** Data shown **
####################

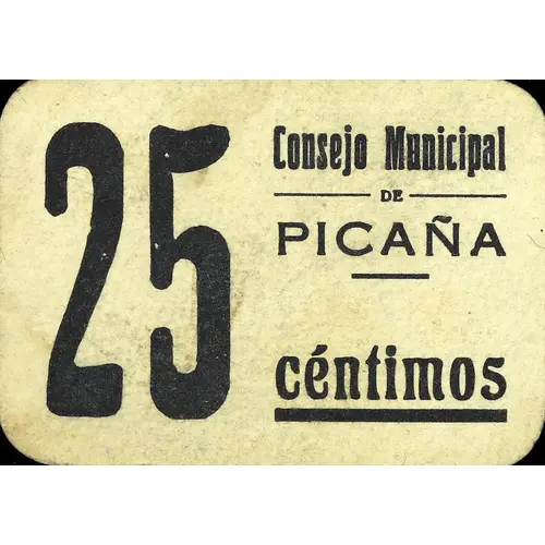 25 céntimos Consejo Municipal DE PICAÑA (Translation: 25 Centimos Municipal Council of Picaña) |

####################

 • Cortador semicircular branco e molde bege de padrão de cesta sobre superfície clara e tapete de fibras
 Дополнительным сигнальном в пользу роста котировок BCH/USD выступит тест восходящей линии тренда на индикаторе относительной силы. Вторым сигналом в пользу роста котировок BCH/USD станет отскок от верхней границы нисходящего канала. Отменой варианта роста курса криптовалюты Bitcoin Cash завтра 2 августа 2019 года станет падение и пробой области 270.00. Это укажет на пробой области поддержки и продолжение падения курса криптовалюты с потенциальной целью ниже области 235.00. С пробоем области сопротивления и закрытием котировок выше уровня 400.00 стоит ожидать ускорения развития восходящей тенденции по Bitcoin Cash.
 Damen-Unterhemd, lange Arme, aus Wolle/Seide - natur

####################

** Task instructions **
The lines to extract from the data above begin with the line containing "tapete de fibras" and end with the line containing "Damen-Unterhemd, lange Arme, aus". Extract them exactly, including both.

** Result of this task **
 • Cortador semicircular branco e molde bege de padrão de cesta sobre superfície clara e tapete de fibras
 Дополнительным сигнальном в пользу роста котировок BCH/USD выступит тест восходящей линии тренда на индикаторе относительной силы. Вторым сигналом в пользу роста котировок BCH/USD станет отскок от верхней границы нисходящего канала. Отменой варианта роста курса криптовалюты Bitcoin Cash завтра 2 августа 2019 года станет падение и пробой области 270.00. Это укажет на пробой области поддержки и продолжение падения курса криптовалюты с потенциальной целью ниже области 235.00. С пробоем области сопротивления и закрытием котировок выше уровня 400.00 стоит ожидать ускорения развития восходящей тенденции по Bitcoin Cash.
 Damen-Unterhemd, lange Arme, aus Wolle/Seide - natur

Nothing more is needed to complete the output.